Ce qu’on a découvert avec le scandale de la NSA va au-delà des prédictions de George Orwells dans «1984». Personne n’avait soupçonné que l’Etat pourrait, à l’avenir, lire dans nos pensées. Roman Maria Koidl ouvre une nouvelle dimension sur ce point dans un livre édifiant, «Web Attack»: lorsque l’Etat devient l’oppresseur. Tout ce que nous savons aujourd’hui, nous le devons principalement à un seul homme: Edward Snowden, ex-agent et lanceur d’alerte. Il se trouve actuellement quelque part dans les environs de Moscou. Il attend toujours d’être interrogé par le Conseil fédéral, la Délégation des Commissions de gestion et/ou le Ministère public de la Confédération sur les informations qu’il possède sur les activités d’espionnage de la NSA et d’autres services secrets américains en Suisse, ainsi que sur l’éventuelle implication de notre service de renseignements. Il semblerait pourtant que cette situation perdure depuis l’automne dernier. En revanche, lorsqu’il s’agit de renforcer ses méthodes de surveillance, le Conseil fédéral prend la balle au vol. Et voit les choses en grand.

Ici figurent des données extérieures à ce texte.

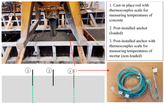 For the high-temperature tests, two thermocouple scales were installed inside each test specimen (Figure 1). The first was carried by a thin steel rod 3 mm in diameter, positioned perpendicularly to the exposed surface, to measure the temperatures of concrete at different depths along the thickness of the slab. The second was carried by a non-loaded witness anchor, which had exactly the same characteristics as the loaded anchor. The only difference is that for the witness anchor, the hole drilled in the concrete crosses the entire thickness of the slab to bring out the thermocouples through the unexposed face. It measured the temperatures at the concrete–steel interface, i.e., the temperatures of the adhesive mortar along the embedment depth. The positions of the thermocouples were chosen with respect to two fundamental conditions: they did not have to intercept the theoretical concrete cone, and they had to be far enough from the specimen edges to avoid any possible edge effects on the temperature distribution.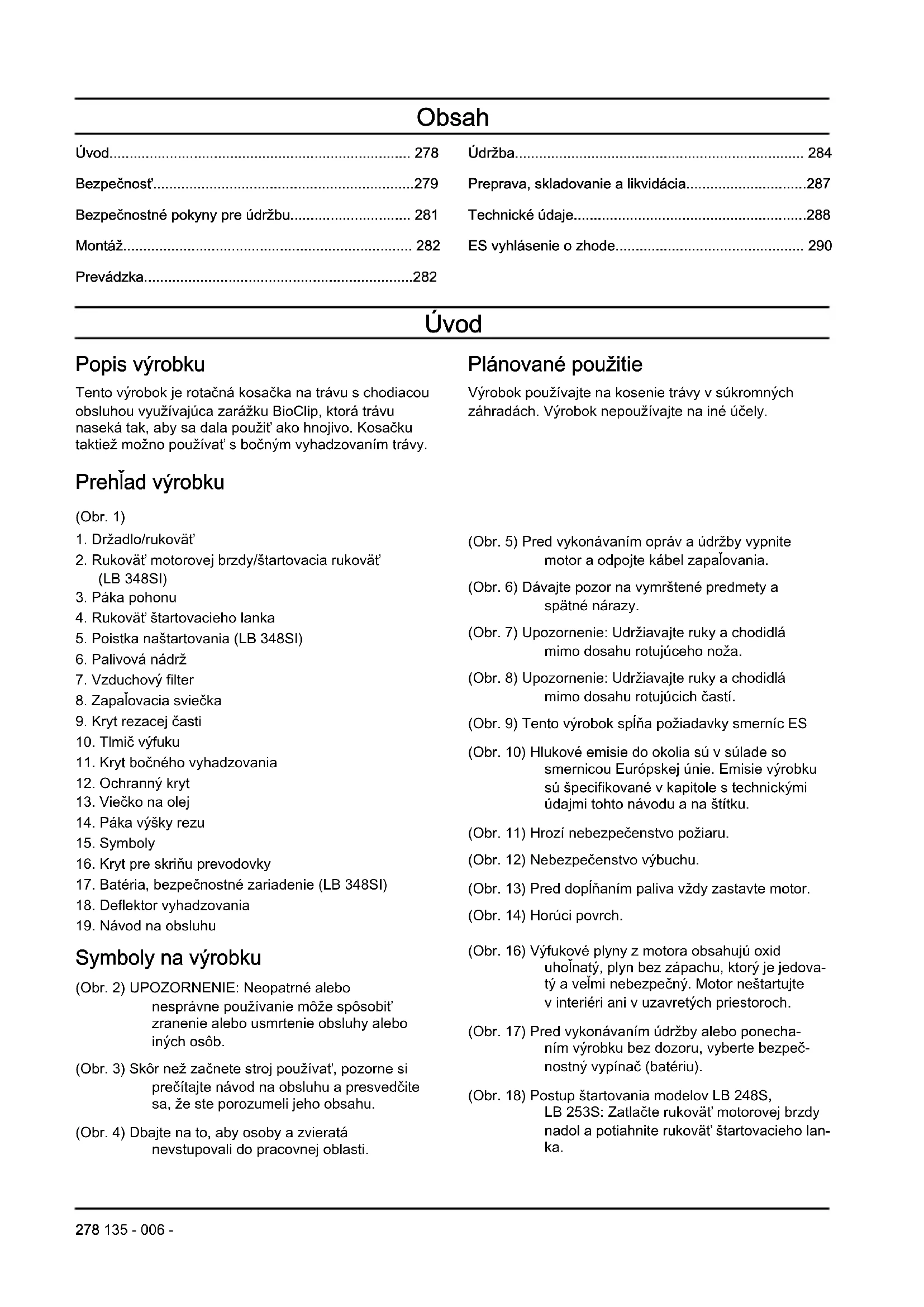 Symboly na výrobku (Obr. 2) UPOZORNENIE: Neopatrné alebo nesprávne používanie môže spôsobiť zranenie alebo usmrtenie obsluhy alebo iných osôb. (Obr. 3) Skôr než začnete stroj používať, pozorne si prečítajte návod na obsluhu a presvedčite sa, že ste porozumeli jeho obsahu. (Obr. 4) Dbajte na to, aby osoby a zvieratá nevstupovali do pracovnej oblasti. (Obr. 5) Pred vykonávaním opráv a údržby vypnite motor a odpojte kábel zapaľovania. (Obr. 6) Dávajte pozor na vymrštené predmety a spätné nárazy. (Obr. 7) Upozornenie: Udržiavajte ruky a chodidlá mimo dosahu rotujúceho noža. (Obr. 8) Upozornenie: Udržiavajte ruky a chodidlá mimo dosahu rotujúcich častí. (Obr. 9) Tento výrobok spĺňa požiadavky smerníc ES (Obr. 10) Hlukové emisie do okolia sú v súlade so smernicou Európskej únie. Emisie výrobku sú špecifikované v kapitole s technickými údajmi tohto návodu a na štítku. (Obr. 11) Hrozí nebezpečenstvo požiaru. (Obr. 12) Nebezpečenstvo výbuchu. (Obr. 13) Pred dopĺňaním paliva vždy zastavte motor. (Obr. 14) Horúci povrch. (Obr. 16) Výfukové plyny z motora obsahujú oxid uhoľnatý, plyn bez zápachu, ktorý je jedova- tý a veľmi nebezpečný. Motor neštartujte v interiéri ani v uzavretých priestoroch. (Obr. 17) Pred vykonávaním údržby alebo ponecha- ním výrobku bez dozoru, vyberte bezpeč- nostný vypínač (batériu). (Obr. 18) Postup štartovania modelov LB 248S, LB 253S: Zatlačte rukoväť motorovej brzdy nadol a potiahnite rukoväť štartovacieho lan- ka. 278 135 - 006 -(Obr. 19) Postup štartovania modelu LB 348SI: Uvoľn- ite poistku naštartovania a zatlačte štartova- ciu rukoväť nadol. (Obr. 15) Snímateľný kód. Poznámka: Ostatné symboly/emblémy na výrobku odkazujú na požiadavky certifikácie pre niektoré komerčné oblasti. Zodpovednosť za výrobok V súlade s právnymi predpismi upravujúcimi zodpovednosť za výrobok nenesieme zodpovednosť za škody spôsobené naším výrobkom v dôsledku: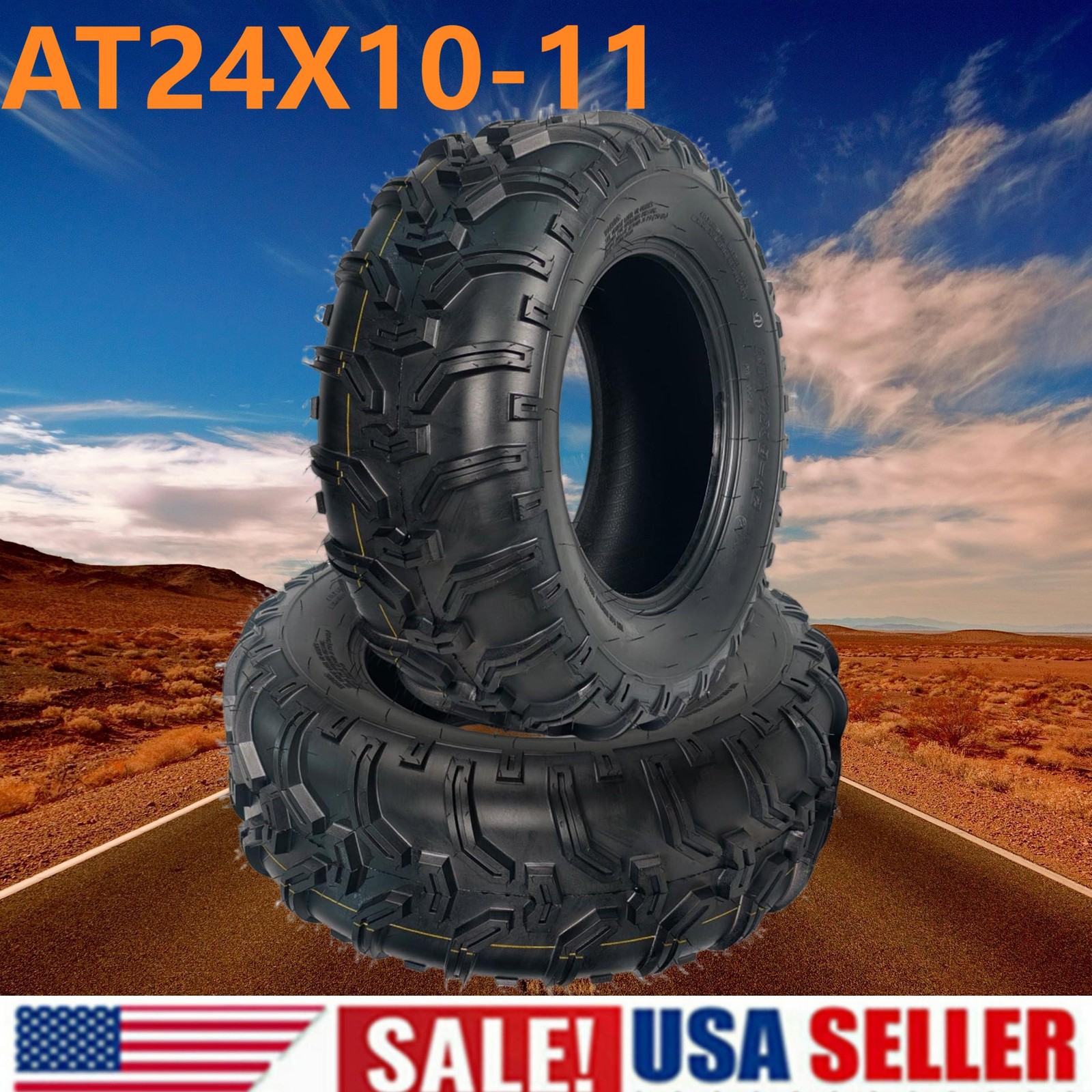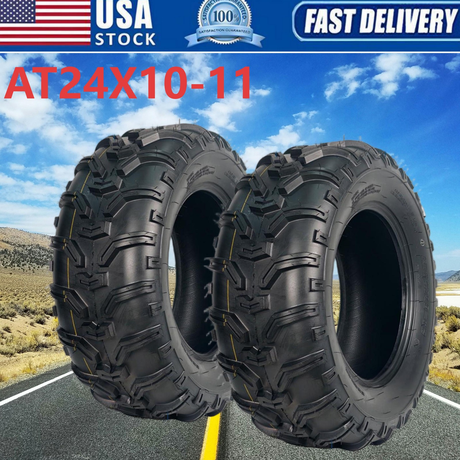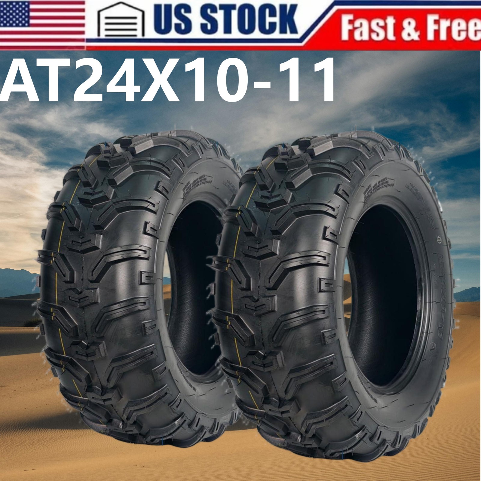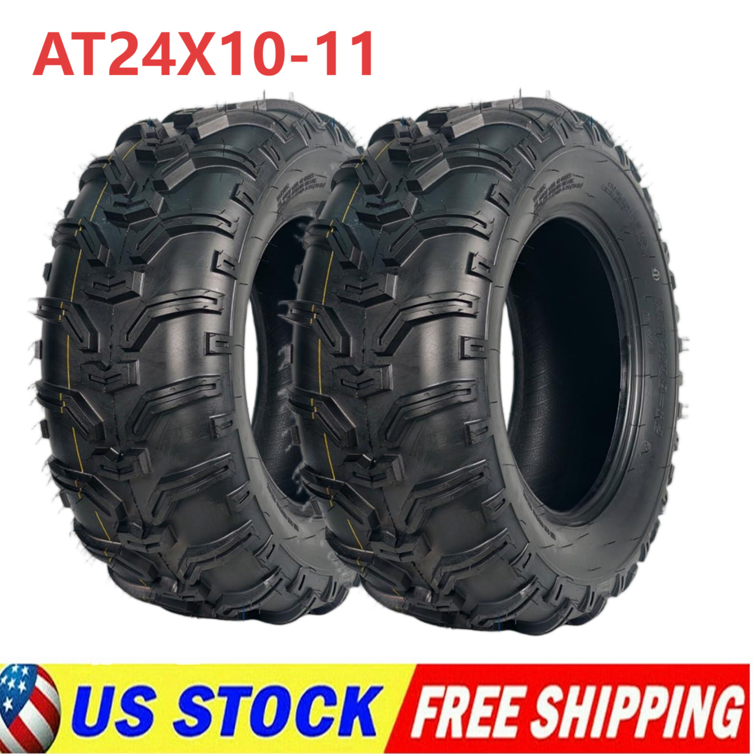 Tire Parameters: max load:340 lbs;Rim Diameter: 11;Rim Width: 6.5;speed index:43F Engineered for durability: This 6PR-rated construction tire offers enhanced load capacity and superior puncture resistance. Compared to standard 8PR tires, the 6PR design features more flexible sidewalls and tread blocks. This increased flexibility improves impact absorption, resulting more comfortable ride over rough terrain. Non-directional Tread Pattern: These atv tires feature deep, widely spaced lugs that excel at shedding mud and performing across diverse terrain. The open tread pattern also makes them much easier to clean after use. All-Terrain Capability: It delivers superior traction and precise control on hardpack surfaces, moderate trails, loose clay, and sandy conditions. Its proven design ensures2 Pack 24x10-11 ATV Tires 24x10x11 ATV UTV Tires 24 10 11 All Terrain Tires 6PR About the item: 💯Tire Parameters: max load:340 lbs;Rim Diameter: 11;Rim Width: 6.5;speed index:43F 💯Engineered for durability: This 6PR-rated construction tire offers enhanced load capacity and superior puncture resistance. Compared to standard 8PR tires, the 6PR design features more flexible sidewalls and tread blocks. This increased flexibility improves impact absorption, resulting more comfortable ride over rough terrain. 💯Non-directional Tread Pattern: These atv tires feature deep, widely spaced lugs that excel at shedding mud and performing across diverse terrain. The open tread pattern also makes them much easier to clean after use. 💯All-Terrain Capability: It delivers superior traction and precise control on hardpack surfaces, moderate trails, loose clay, and sandy conditions. Its proven design ensures reliable performance in diverse settings, from densely wooded areas to challenging desert landscapes. 💯All-Season Versatility: Designed for year-round performance, this tire provides strong traction and control, effortlessly adapting to various weather and terrain. Packing List:2 x ATV Tires1 x User ManualFriendly Note:1. Inspect Models Before Purchase: Before purchasing, please carefully verify your ATV's tire

Lors de la consultation de la LSCPT au Conseil des Etats, Simonetta Sommaruga, conseillère fédérale, a critiqué qu’elle avait rarement vu une loi dans laquelle on pouvait lire autant d’éléments qui n’y figurent pas. Il ne s’agirait donc pas de surveillance préventive. Ce n’est pas totalement vrai. Voici de quoi il s’agit: contrairement à la LRens, la LSCPT réglemente seulement la surveillance en cas d’enquêtes de la police judiciaire, de situations d’urgence et de recherche de personnes condamnées. La surveillance téléphonique, déjà autorisée à l’heure actuelle, devrait être complétée pas la surveillance d’internet par le biais d’un cheval de Troie, le «Govware», mais cette méthode devrait être autorisée uniquement dans les cas graves de criminalité.

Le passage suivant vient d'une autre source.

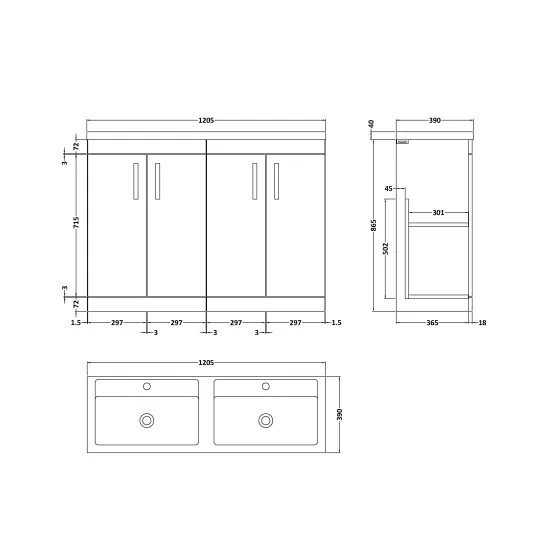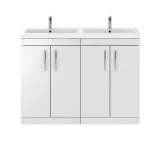 Nuie Athena 1200mm Floor Standing 4 Door Vanity Unit With Twin Polymarble Basin

Nous sommes confrontés à de véritables écoutes sauvages, qui sont nettement plus étendues que ce que le Conseil fédéral prétend.

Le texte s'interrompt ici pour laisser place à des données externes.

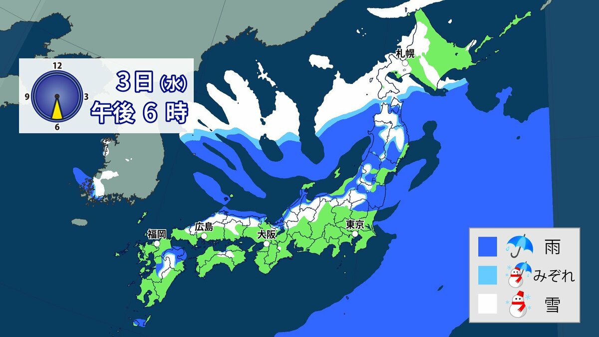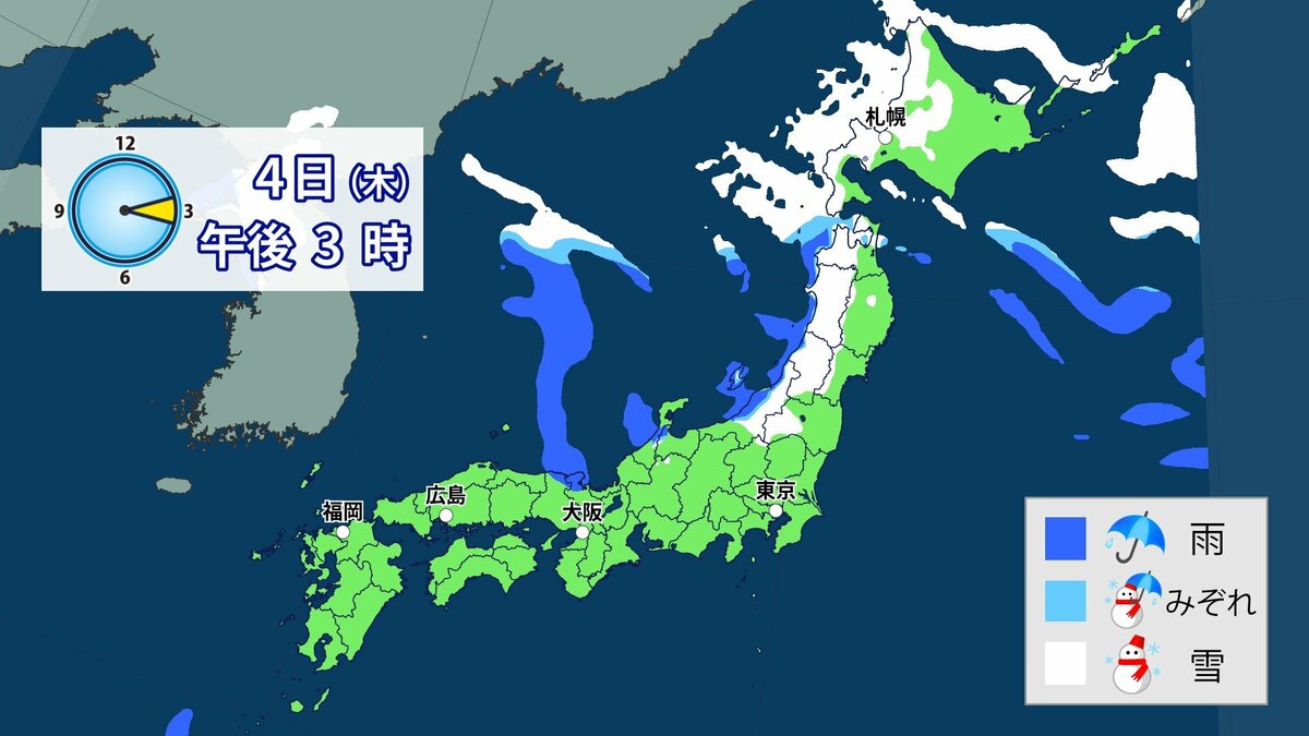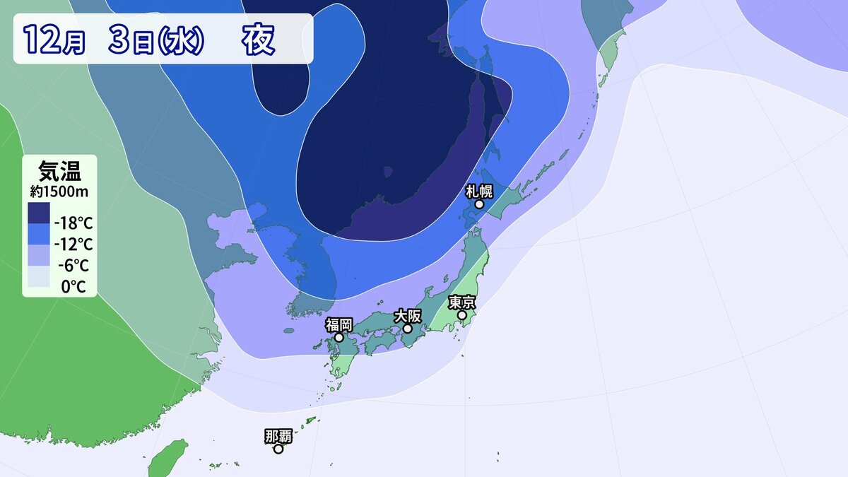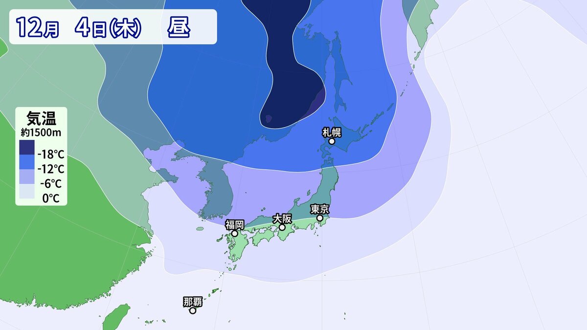 気象庁によりますと、日本付近は3日以降冬型の気圧配置が強まり、4日にかけて、この時期としては強い寒気が流入する見込みです。

Des graffitis  sur le scandale de la NSA. (Image : Keystone / Marius Becker)

Des graffitis sur le scandale de la NSA. (Image : Keystone / Marius Becker)

Le problème est que la conservation des données secondaires amène de facto à une surveillance préventive. Des données seront enregistrées et conservées, et elles pourront être consultées, ensuite, en cas de présomption de culpabilité. Actuellement, le délai de conservation des données peut passer de 6 à 12 mois. La gravité de l’intervention liée à la conservation des données est méconnue. Car ce sont nos données, à nous tous, auxquelles l’Etat a potentiellement accès. De plus, le danger d’une utilisation non autorisée par des tiers est bien réel. Des garanties supplémentaires sont nécessaires. Par conséquent, le dernier mot sur ce projet de loi n’a pas encore été dit.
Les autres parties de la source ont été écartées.